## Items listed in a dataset
------------------------------------------------------------------------

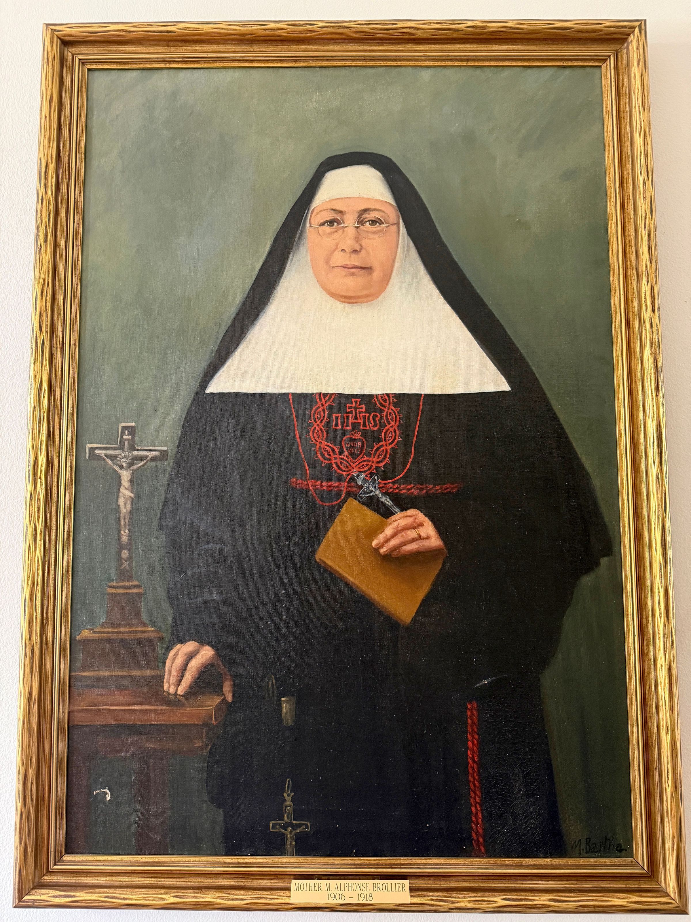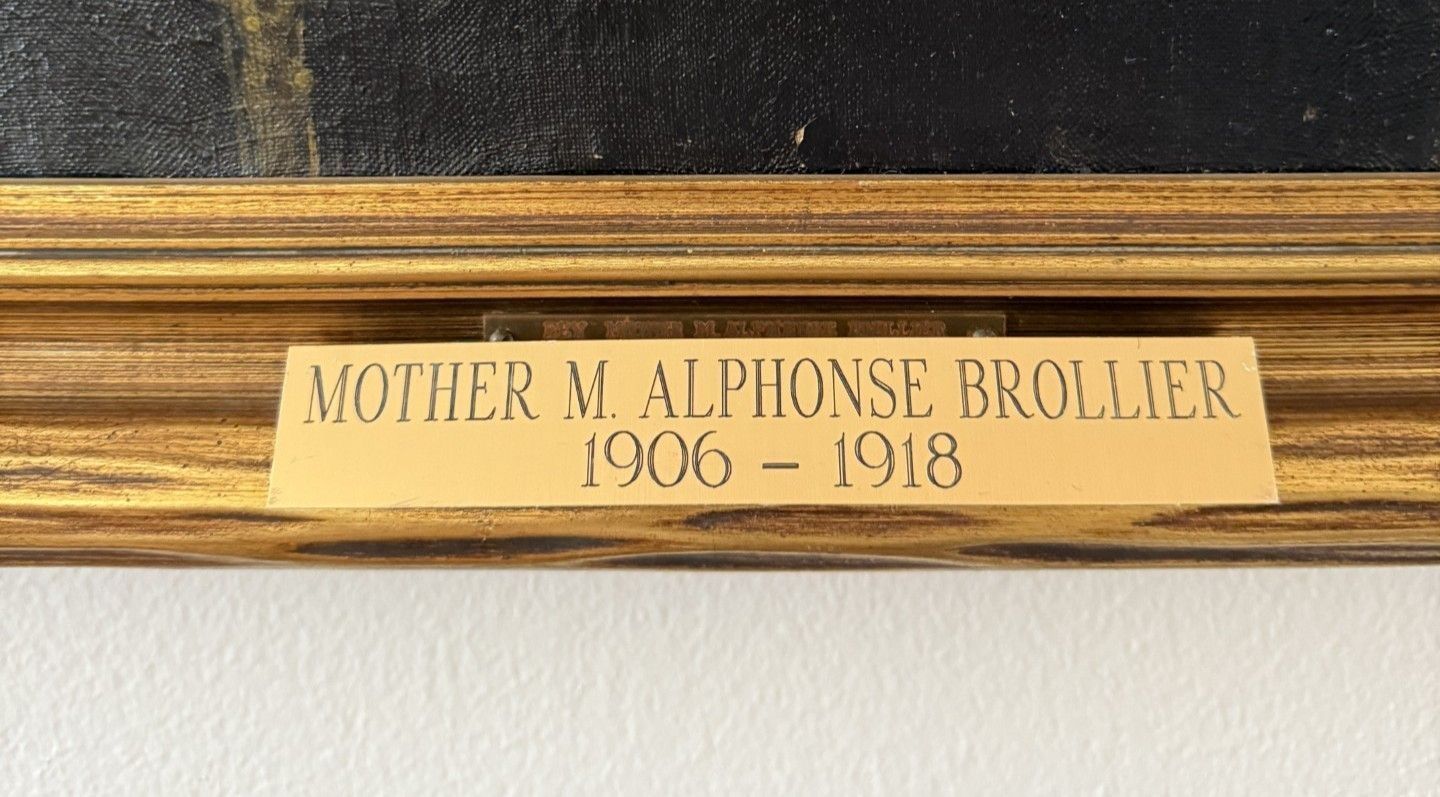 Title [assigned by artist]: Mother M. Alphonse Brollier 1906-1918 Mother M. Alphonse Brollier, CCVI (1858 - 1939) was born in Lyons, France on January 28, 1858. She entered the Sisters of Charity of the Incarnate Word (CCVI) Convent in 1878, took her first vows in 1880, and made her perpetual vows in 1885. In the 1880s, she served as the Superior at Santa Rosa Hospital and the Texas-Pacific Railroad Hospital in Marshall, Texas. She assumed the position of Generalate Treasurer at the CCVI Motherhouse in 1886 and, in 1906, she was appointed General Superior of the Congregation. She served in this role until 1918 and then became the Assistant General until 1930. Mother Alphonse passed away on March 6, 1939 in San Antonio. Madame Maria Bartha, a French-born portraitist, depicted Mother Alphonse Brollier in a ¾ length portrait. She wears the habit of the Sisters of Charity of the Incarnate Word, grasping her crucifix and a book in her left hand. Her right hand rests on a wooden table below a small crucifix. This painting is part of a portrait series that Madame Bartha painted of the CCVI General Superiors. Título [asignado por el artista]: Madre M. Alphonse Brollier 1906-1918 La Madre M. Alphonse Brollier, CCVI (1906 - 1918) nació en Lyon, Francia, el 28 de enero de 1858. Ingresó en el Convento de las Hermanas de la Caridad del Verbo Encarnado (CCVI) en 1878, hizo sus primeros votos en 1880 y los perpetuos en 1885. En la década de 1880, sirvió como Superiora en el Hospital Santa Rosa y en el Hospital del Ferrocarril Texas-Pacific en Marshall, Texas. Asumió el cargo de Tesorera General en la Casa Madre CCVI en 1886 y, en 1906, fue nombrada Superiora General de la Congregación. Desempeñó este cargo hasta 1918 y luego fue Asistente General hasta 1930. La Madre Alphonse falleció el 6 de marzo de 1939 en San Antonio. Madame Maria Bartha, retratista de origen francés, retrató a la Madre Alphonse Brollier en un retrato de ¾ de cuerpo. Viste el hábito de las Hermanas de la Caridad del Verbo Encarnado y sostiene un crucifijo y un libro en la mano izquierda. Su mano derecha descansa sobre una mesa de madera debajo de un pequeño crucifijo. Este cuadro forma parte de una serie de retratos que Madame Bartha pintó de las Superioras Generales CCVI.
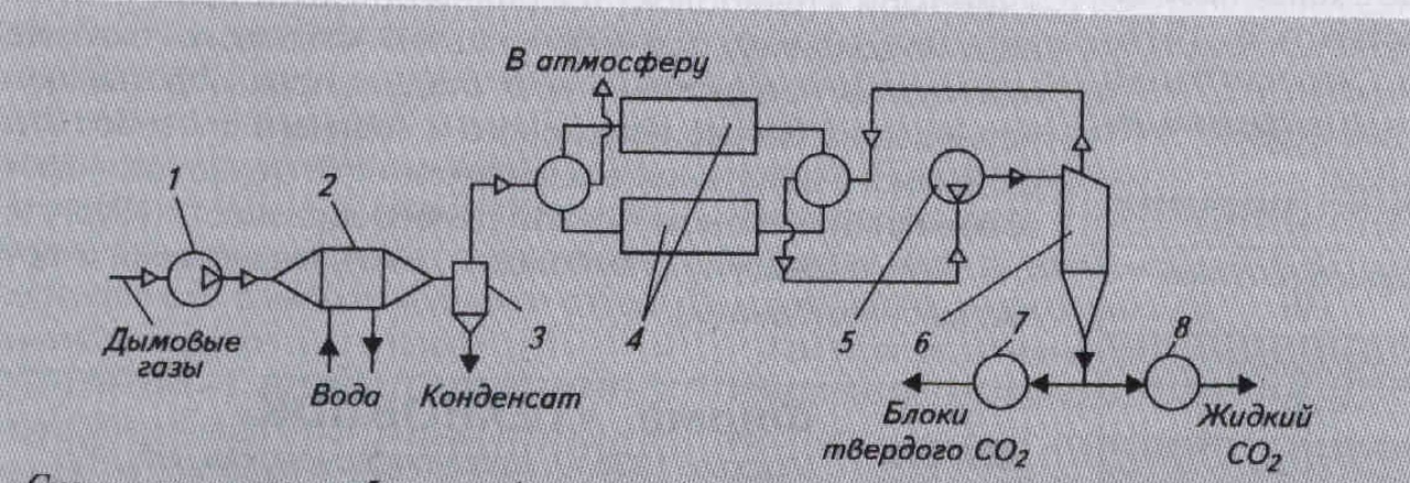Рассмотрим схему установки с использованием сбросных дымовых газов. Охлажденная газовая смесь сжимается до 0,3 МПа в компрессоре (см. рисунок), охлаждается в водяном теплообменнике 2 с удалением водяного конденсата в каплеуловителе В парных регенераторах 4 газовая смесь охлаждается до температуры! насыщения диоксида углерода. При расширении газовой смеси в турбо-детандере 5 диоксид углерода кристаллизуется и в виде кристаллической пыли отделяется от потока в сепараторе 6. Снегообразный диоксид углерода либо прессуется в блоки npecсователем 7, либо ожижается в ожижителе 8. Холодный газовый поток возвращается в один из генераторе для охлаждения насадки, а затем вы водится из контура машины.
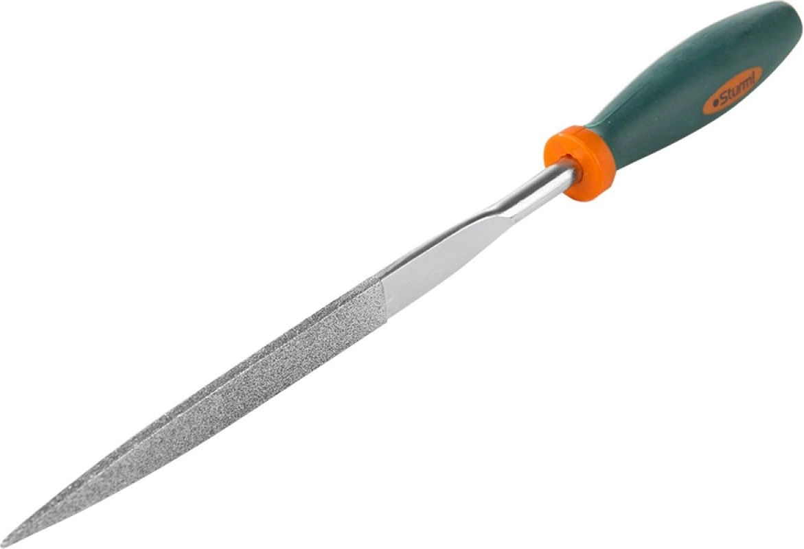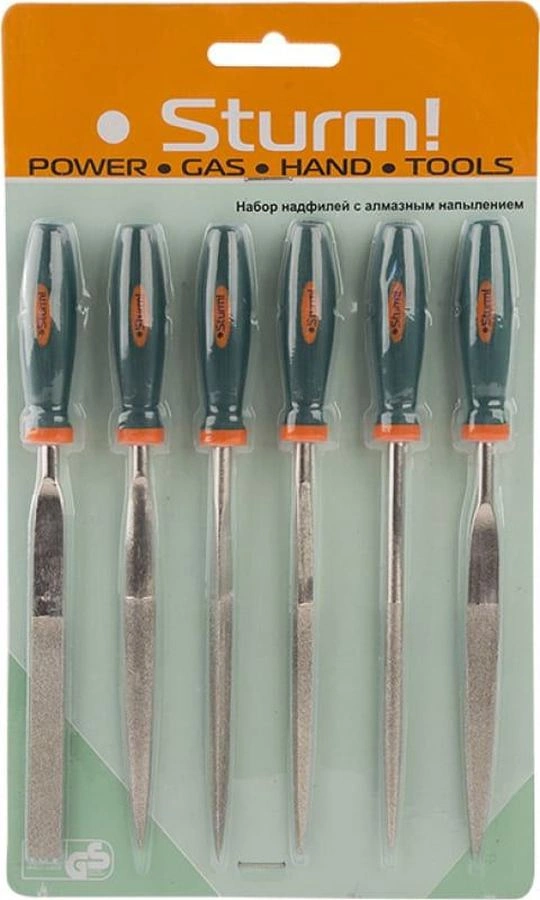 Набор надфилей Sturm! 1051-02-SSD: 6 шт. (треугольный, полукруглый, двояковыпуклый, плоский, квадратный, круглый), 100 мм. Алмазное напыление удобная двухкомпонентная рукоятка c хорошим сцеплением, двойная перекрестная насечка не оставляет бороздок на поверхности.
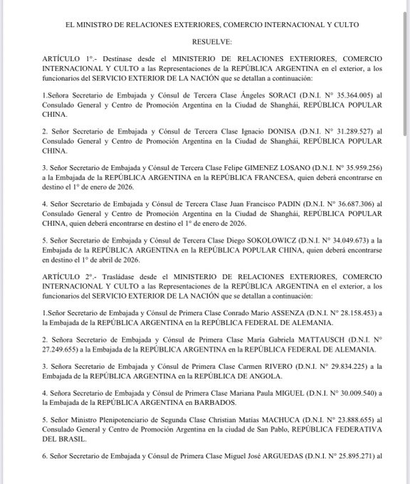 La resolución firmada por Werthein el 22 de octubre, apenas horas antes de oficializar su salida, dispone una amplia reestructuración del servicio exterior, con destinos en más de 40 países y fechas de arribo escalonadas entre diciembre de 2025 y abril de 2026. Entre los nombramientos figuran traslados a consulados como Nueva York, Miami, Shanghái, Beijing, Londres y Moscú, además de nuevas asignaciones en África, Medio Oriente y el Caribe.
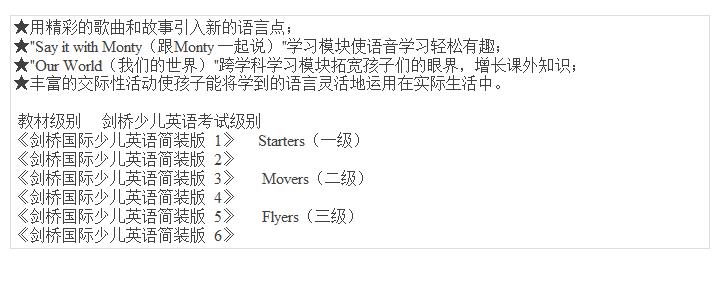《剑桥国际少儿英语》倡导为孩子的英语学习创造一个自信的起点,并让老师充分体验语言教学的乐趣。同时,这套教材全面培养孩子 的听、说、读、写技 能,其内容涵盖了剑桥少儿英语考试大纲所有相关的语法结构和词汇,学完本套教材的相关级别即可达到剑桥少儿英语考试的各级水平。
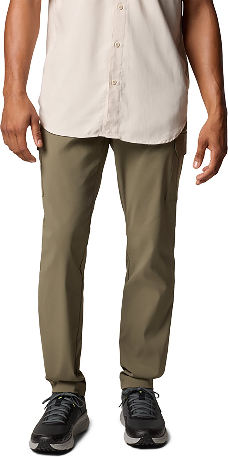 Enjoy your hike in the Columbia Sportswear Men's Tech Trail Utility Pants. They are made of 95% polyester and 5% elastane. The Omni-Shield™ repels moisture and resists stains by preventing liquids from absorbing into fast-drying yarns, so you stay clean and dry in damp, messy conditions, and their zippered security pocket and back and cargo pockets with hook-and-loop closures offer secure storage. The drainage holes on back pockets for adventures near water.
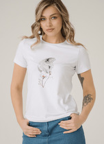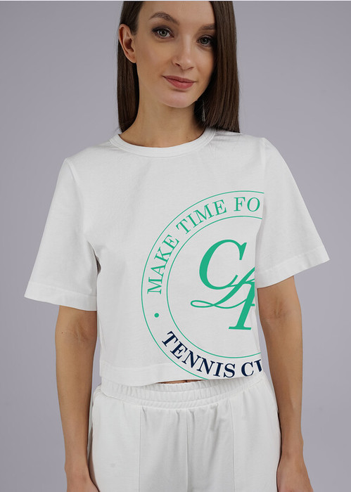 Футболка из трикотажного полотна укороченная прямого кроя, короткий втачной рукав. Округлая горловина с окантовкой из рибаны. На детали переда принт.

------------------------------------------------------------------------

Transcribe the records above exactly, excluding every picture.

## RESULT OF THIS EXERCISE
 Title [assigned by artist]: Mother M. Alphonse Brollier 1906-1918 Mother M. Alphonse Brollier, CCVI (1858 - 1939) was born in Lyons, France on January 28, 1858. She entered the Sisters of Charity of the Incarnate Word (CCVI) Convent in 1878, took her first vows in 1880, and made her perpetual vows in 1885. In the 1880s, she served as the Superior at Santa Rosa Hospital and the Texas-Pacific Railroad Hospital in Marshall, Texas. She assumed the position of Generalate Treasurer at the CCVI Motherhouse in 1886 and, in 1906, she was appointed General Superior of the Congregation. She served in this role until 1918 and then became the Assistant General until 1930. Mother Alphonse passed away on March 6, 1939 in San Antonio. Madame Maria Bartha, a French-born portraitist, depicted Mother Alphonse Brollier in a ¾ length portrait. She wears the habit of the Sisters of Charity of the Incarnate Word, grasping her crucifix and a book in her left hand. Her right hand rests on a wooden table below a small crucifix. This painting is part of a portrait series that Madame Bartha painted of the CCVI General Superiors. Título [asignado por el artista]: Madre M. Alphonse Brollier 1906-1918 La Madre M. Alphonse Brollier, CCVI (1906 - 1918) nació en Lyon, Francia, el 28 de enero de 1858. Ingresó en el Convento de las Hermanas de la Caridad del Verbo Encarnado (CCVI) en 1878, hizo sus primeros votos en 1880 y los perpetuos en 1885. En la década de 1880, sirvió como Superiora en el Hospital Santa Rosa y en el Hospital del Ferrocarril Texas-Pacific en Marshall, Texas. Asumió el cargo de Tesorera General en la Casa Madre CCVI en 1886 y, en 1906, fue nombrada Superiora General de la Congregación. Desempeñó este cargo hasta 1918 y luego fue Asistente General hasta 1930. La Madre Alphonse falleció el 6 de marzo de 1939 en San Antonio. Madame Maria Bartha, retratista de origen francés, retrató a la Madre Alphonse Brollier en un retrato de ¾ de cuerpo. Viste el hábito de las Hermanas de la Caridad del Verbo Encarnado y sostiene un crucifijo y un libro en la mano izquierda. Su mano derecha descansa sobre una mesa de madera debajo de un pequeño crucifijo. Este cuadro forma parte de una serie de retratos que Madame Bartha pintó de las Superioras Generales CCVI.
Рассмотрим схему установки с использованием сбросных дымовых газов. Охлажденная газовая смесь сжимается до 0,3 МПа в компрессоре (см. рисунок), охлаждается в водяном теплообменнике 2 с удалением водяного конденсата в каплеуловителе В парных регенераторах 4 газовая смесь охлаждается до температуры! насыщения диоксида углерода. При расширении газовой смеси в турбо-детандере 5 диоксид углерода кристаллизуется и в виде кристаллической пыли отделяется от потока в сепараторе 6. Снегообразный диоксид углерода либо прессуется в блоки npecсователем 7, либо ожижается в ожижителе 8. Холодный газовый поток возвращается в один из генераторе для охлаждения насадки, а затем вы водится из контура машины.
 Набор надфилей Sturm! 1051-02-SSD: 6 шт. (треугольный, полукруглый, двояковыпуклый, плоский, квадратный, круглый), 100 мм. Алмазное напыление удобная двухкомпонентная рукоятка c хорошим сцеплением, двойная перекрестная насечка не оставляет бороздок на поверхности.
 La resolución firmada por Werthein el 22 de octubre, apenas horas antes de oficializar su salida, dispone una amplia reestructuración del servicio exterior, con destinos en más de 40 países y fechas de arribo escalonadas entre diciembre de 2025 y abril de 2026. Entre los nombramientos figuran traslados a consulados como Nueva York, Miami, Shanghái, Beijing, Londres y Moscú, además de nuevas asignaciones en África, Medio Oriente y el Caribe.
《剑桥国际少儿英语》倡导为孩子的英语学习创造一个自信的起点,并让老师充分体验语言教学的乐趣。同时,这套教材全面培养孩子 的听、说、读、写技 能,其内容涵盖了剑桥少儿英语考试大纲所有相关的语法结构和词汇,学完本套教材的相关级别即可达到剑桥少儿英语考试的各级水平。
 Enjoy your hike in the Columbia Sportswear Men's Tech Trail Utility Pants. They are made of 95% polyester and 5% elastane. The Omni-Shield™ repels moisture and resists stains by preventing liquids from absorbing into fast-drying yarns, so you stay clean and dry in damp, messy conditions, and their zippered security pocket and back and cargo pockets with hook-and-loop closures offer secure storage. The drainage holes on back pockets for adventures near water.
 Футболка из трикотажного полотна укороченная прямого кроя, короткий втачной рукав. Округлая горловина с окантовкой из рибаны. На детали переда принт.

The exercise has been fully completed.